== Work to be completed ==
Print the listing below only from the line that has "Relative operating characteristic" through the line that has "La gran final", exactly, and drop any picture.

#### Data

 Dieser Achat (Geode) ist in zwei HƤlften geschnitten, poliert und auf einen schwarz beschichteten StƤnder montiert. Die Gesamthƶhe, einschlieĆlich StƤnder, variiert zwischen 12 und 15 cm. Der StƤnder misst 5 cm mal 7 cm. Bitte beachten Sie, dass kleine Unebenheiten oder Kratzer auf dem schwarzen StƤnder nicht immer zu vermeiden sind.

########
#### Data

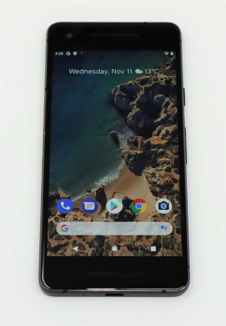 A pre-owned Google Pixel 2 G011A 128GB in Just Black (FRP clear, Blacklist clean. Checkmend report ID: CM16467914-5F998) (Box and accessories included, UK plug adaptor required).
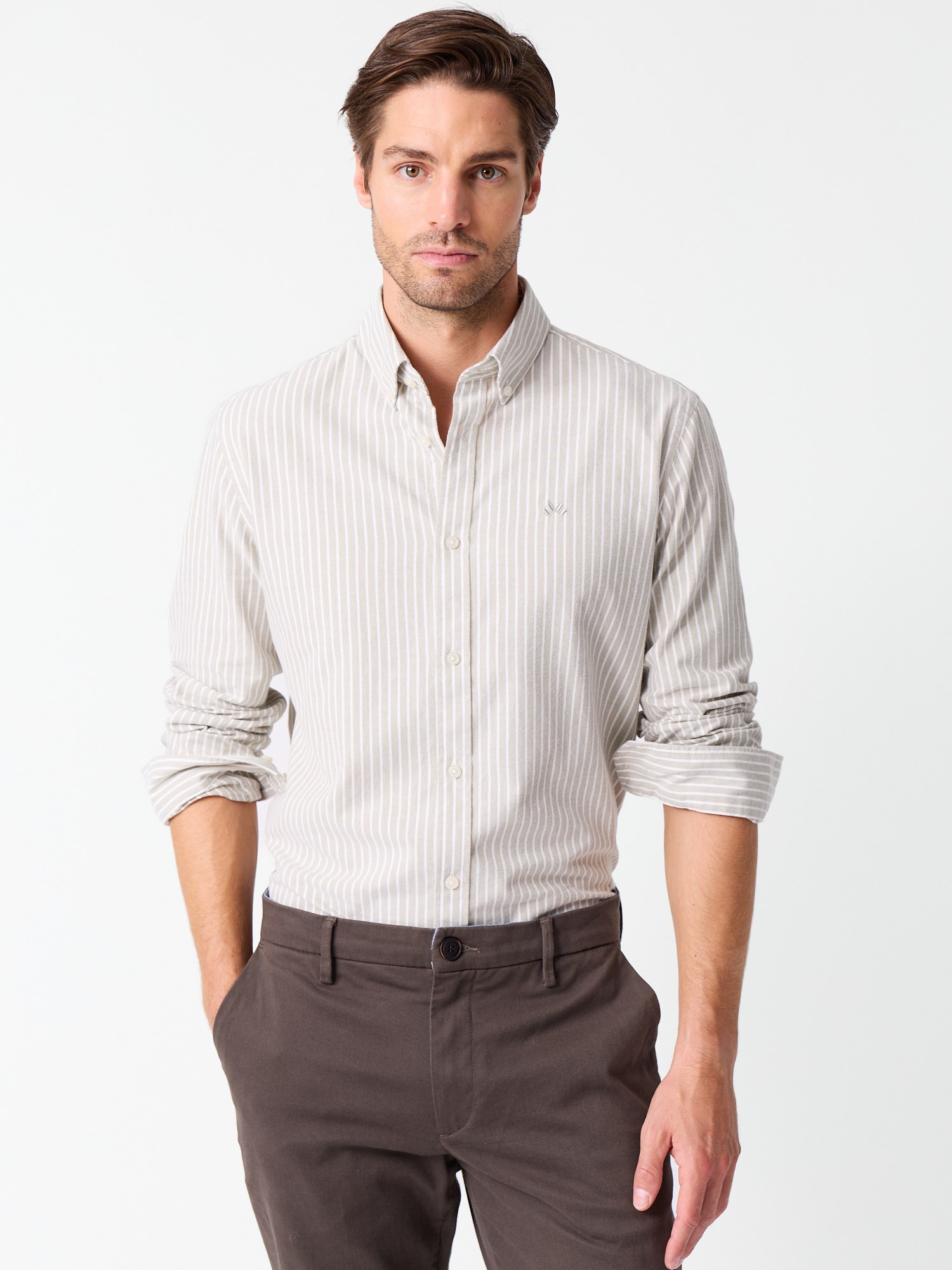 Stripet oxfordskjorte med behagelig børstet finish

########
#### Data

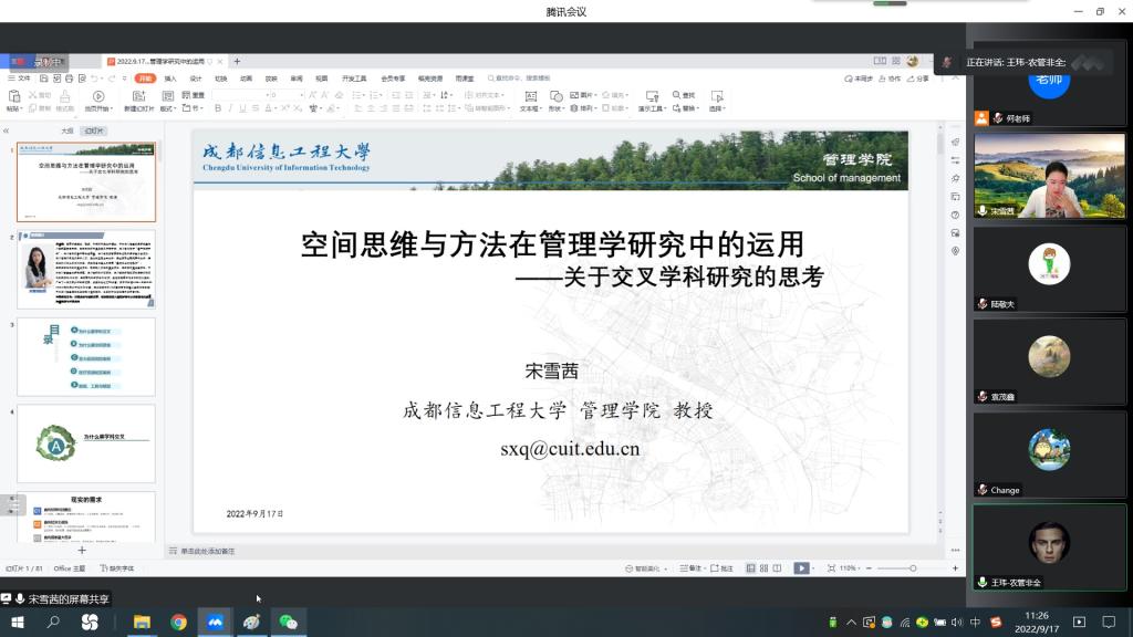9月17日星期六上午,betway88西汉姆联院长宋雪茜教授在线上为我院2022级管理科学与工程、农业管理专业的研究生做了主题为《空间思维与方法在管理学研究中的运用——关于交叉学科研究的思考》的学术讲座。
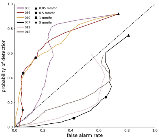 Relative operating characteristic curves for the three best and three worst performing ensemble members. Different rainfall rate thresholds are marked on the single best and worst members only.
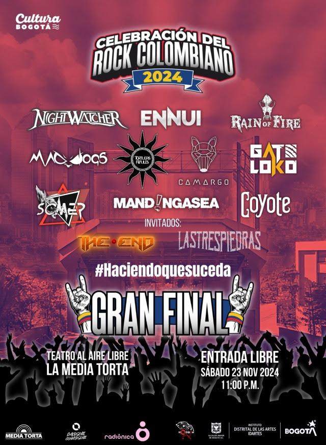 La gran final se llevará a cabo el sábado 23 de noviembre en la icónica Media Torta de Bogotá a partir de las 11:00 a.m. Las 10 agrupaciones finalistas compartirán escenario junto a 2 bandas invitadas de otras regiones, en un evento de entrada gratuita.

########

== Answer for the task ==
 Relative operating characteristic curves for the three best and three worst performing ensemble members. Different rainfall rate thresholds are marked on the single best and worst members only.
 La gran final se llevará a cabo el sábado 23 de noviembre en la icónica Media Torta de Bogotá a partir de las 11:00 a.m. Las 10 agrupaciones finalistas compartirán escenario junto a 2 bandas invitadas de otras regiones, en un evento de entrada gratuita.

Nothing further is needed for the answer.